**Work to be completed**. Could you reproduce, from the records below, everything from the line with "شوية شجاعة وعقل" down to the line with "ピークの岩の上に座って記念撮影です。ここでは後ろを見たらいけません。", keeping both of those lines and changing nothing?

**Data supplied**.
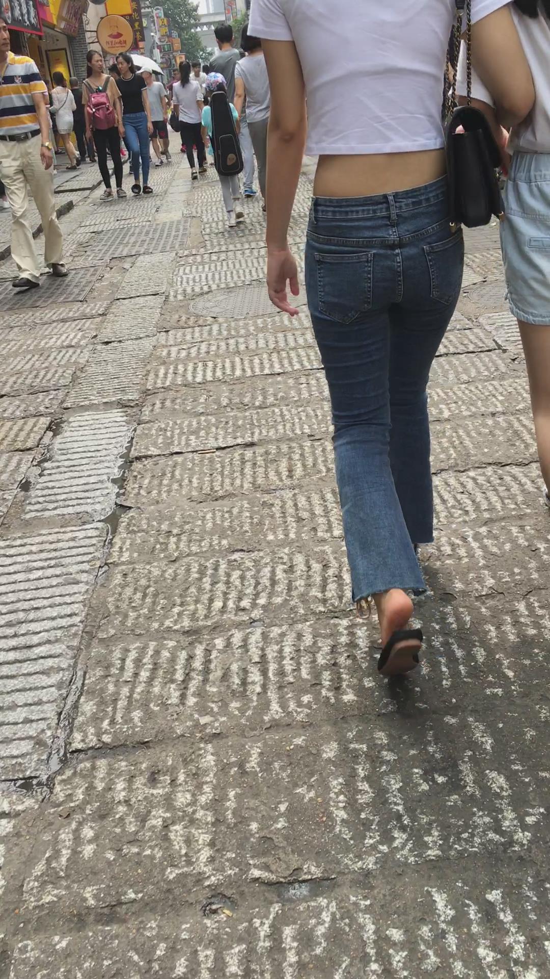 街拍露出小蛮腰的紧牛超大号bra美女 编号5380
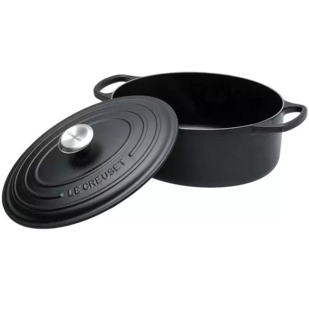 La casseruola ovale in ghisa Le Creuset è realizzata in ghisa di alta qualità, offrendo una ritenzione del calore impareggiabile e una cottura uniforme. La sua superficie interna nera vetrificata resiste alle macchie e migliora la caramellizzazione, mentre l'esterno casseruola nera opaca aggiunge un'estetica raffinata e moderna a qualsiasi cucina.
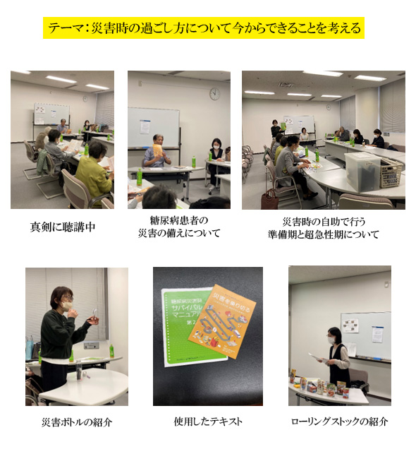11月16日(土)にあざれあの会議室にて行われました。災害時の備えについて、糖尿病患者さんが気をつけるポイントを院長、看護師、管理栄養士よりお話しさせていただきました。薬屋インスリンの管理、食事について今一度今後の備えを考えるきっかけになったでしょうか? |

...

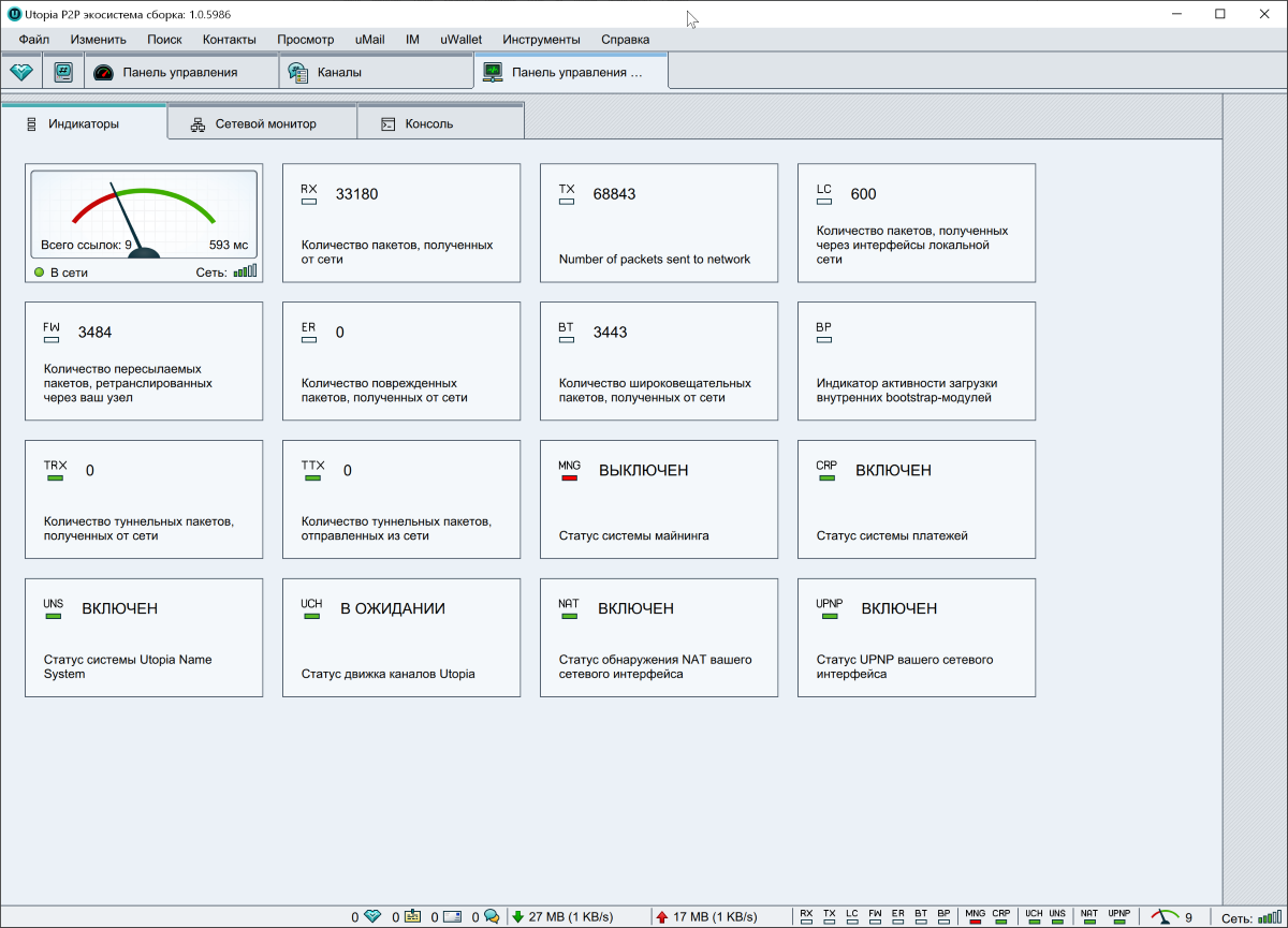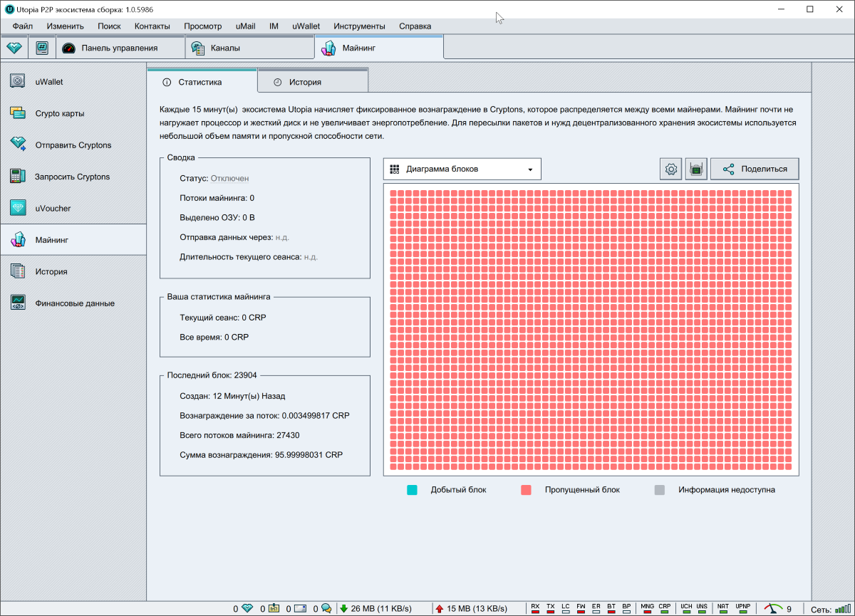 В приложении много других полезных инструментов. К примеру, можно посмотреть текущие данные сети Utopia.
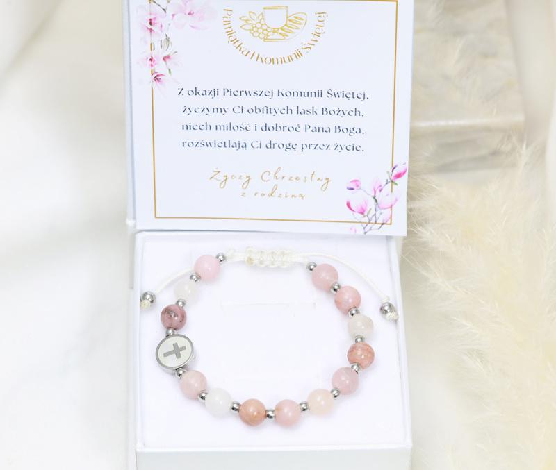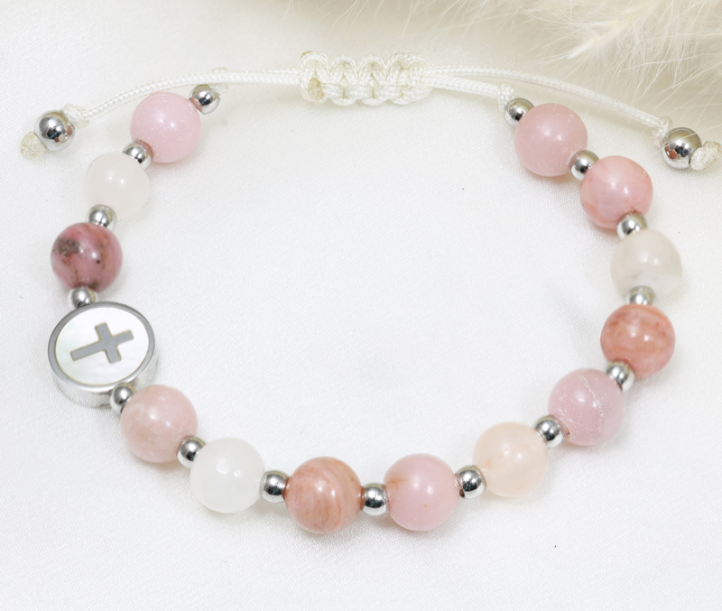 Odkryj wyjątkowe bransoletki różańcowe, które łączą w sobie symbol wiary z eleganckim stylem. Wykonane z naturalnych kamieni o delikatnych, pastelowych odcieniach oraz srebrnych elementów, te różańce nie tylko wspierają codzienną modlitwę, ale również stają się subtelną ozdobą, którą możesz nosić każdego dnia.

---

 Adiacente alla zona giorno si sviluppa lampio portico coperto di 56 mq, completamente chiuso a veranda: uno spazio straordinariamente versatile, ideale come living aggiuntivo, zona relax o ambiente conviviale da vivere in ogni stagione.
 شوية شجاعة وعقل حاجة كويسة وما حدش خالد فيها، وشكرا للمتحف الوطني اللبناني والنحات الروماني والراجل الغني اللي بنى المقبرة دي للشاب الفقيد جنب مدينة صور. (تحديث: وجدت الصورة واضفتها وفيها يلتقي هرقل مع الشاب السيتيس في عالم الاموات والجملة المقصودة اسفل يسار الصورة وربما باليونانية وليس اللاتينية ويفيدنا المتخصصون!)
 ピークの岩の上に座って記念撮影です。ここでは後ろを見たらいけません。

**Task result**.
 شوية شجاعة وعقل حاجة كويسة وما حدش خالد فيها، وشكرا للمتحف الوطني اللبناني والنحات الروماني والراجل الغني اللي بنى المقبرة دي للشاب الفقيد جنب مدينة صور. (تحديث: وجدت الصورة واضفتها وفيها يلتقي هرقل مع الشاب السيتيس في عالم الاموات والجملة المقصودة اسفل يسار الصورة وربما باليونانية وليس اللاتينية ويفيدنا المتخصصون!)
 ピークの岩の上に座って記念撮影です。ここでは後ろを見たらいけません。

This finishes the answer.